What to work on:
The records below need to be repeated exactly, though not their pictures.

BEGIN Data

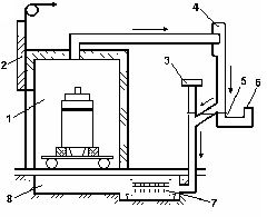 Рисунок 2.1 – Электрическая печь с регулируемой пропиточно-вытяжной вентиляцией: 1 – сушильная камера; 2 – плита; 3 – фильтр; 4 – насос-вентилятор; 5 – заслонка; 6 – выхлопная труба; 7 – электронагревательные элементы; 8 – теплообменник
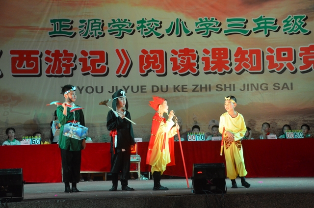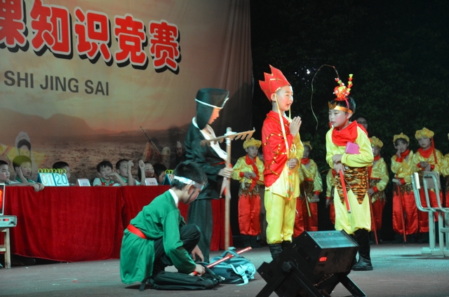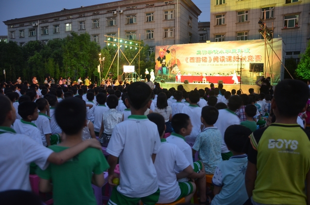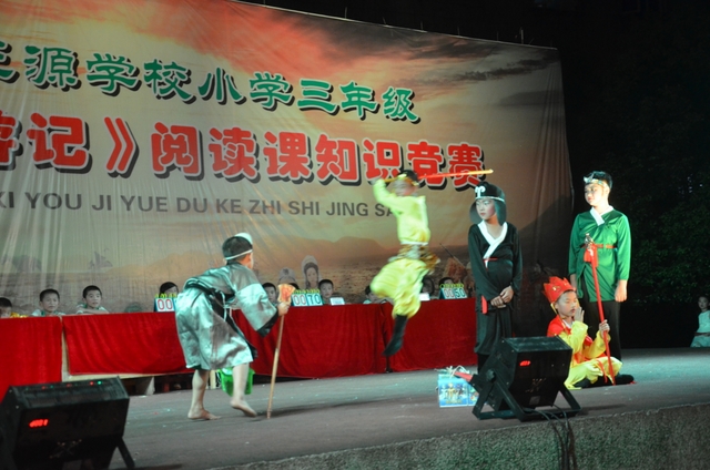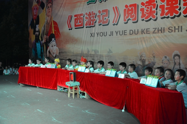 6月26月晚上7点30分,一场“弘扬国学,品读西游” 文化大餐在学校小学生运动场激情上演。这场小学三年级《西游记》阅读课知识竞赛的举办,是我校深化语文教改,弘扬国学经典的成功范例。
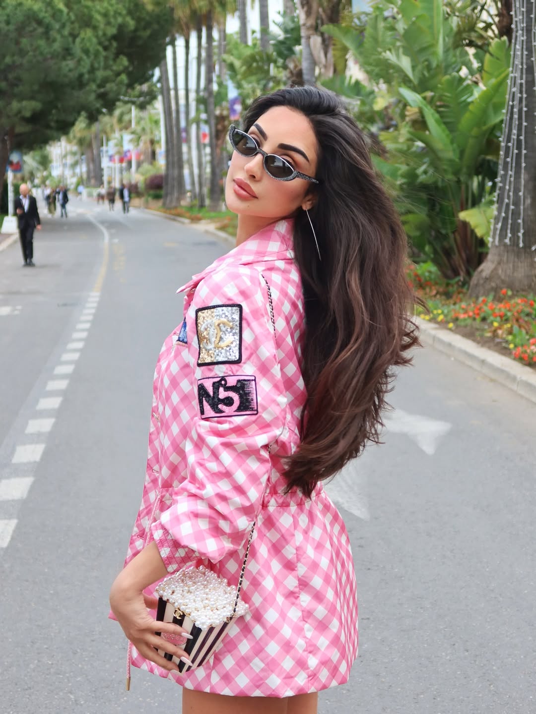 القطعة الأساسية في هذه الإطلالة كانت الجاكيت بأسلوب المربّعات باللونين الزهري والأبيض، وهو تصميم يجمع بين الطابع الكلاسيكي ونفَس شبابي بفضل الطبعات العصرية التي زيّنته. هذا النوع من الجاكيتات يُعدّ من القطع الرائجة حالياً، وقد أعطى نور مظهراً أنيقاً من دون تكلّف، يتناسب مع شخصيتها المرِحة وروحها النابضة بالحياة.
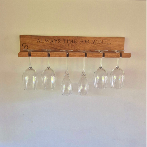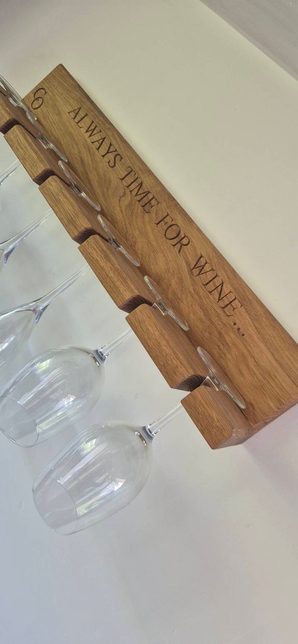 The innovative design attaches to your wall, held in place by two strong brackets. With space for six gless, you can display your favourite ones with ease. We can also make the glass rack in bespoke sizes to meet your requirements, also you can add your own engraving and possibly a carving if you would desire it!
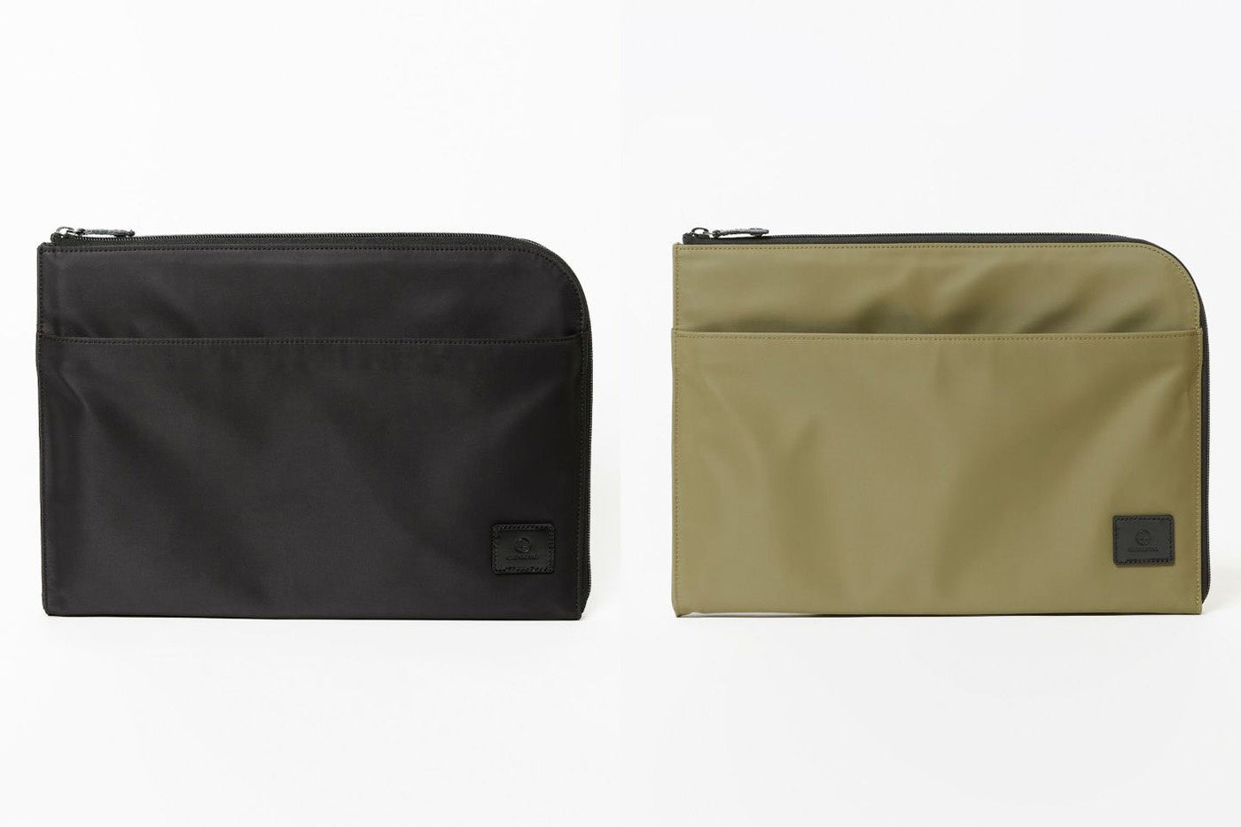 13インチのノートパソコンがすっきり収まる、ドキュメントケース型のクラッチバッグです。ミニマルな設計ながらメインの収納部には両側にクッション材が入っており、パソコンやタブレットなどを衝撃から守ります。前ポケットには、財布やスマートフォン、マウスやケーブル類の収納も可能です。多少の雨水なら弾いてくれるナイロン素材もガジェットを入れるバッグとして相性の良い組み合わせとなりました。

END Data

Solution for this problem:
 Рисунок 2.1 – Электрическая печь с регулируемой пропиточно-вытяжной вентиляцией: 1 – сушильная камера; 2 – плита; 3 – фильтр; 4 – насос-вентилятор; 5 – заслонка; 6 – выхлопная труба; 7 – электронагревательные элементы; 8 – теплообменник
 6月26月晚上7点30分,一场“弘扬国学,品读西游” 文化大餐在学校小学生运动场激情上演。这场小学三年级《西游记》阅读课知识竞赛的举办,是我校深化语文教改,弘扬国学经典的成功范例。
 القطعة الأساسية في هذه الإطلالة كانت الجاكيت بأسلوب المربّعات باللونين الزهري والأبيض، وهو تصميم يجمع بين الطابع الكلاسيكي ونفَس شبابي بفضل الطبعات العصرية التي زيّنته. هذا النوع من الجاكيتات يُعدّ من القطع الرائجة حالياً، وقد أعطى نور مظهراً أنيقاً من دون تكلّف، يتناسب مع شخصيتها المرِحة وروحها النابضة بالحياة.
 The innovative design attaches to your wall, held in place by two strong brackets. With space for six gless, you can display your favourite ones with ease. We can also make the glass rack in bespoke sizes to meet your requirements, also you can add your own engraving and possibly a carving if you would desire it!
 13インチのノートパソコンがすっきり収まる、ドキュメントケース型のクラッチバッグです。ミニマルな設計ながらメインの収納部には両側にクッション材が入っており、パソコンやタブレットなどを衝撃から守ります。前ポケットには、財布やスマートフォン、マウスやケーブル類の収納も可能です。多少の雨水なら弾いてくれるナイロン素材もガジェットを入れるバッグとして相性の良い組み合わせとなりました。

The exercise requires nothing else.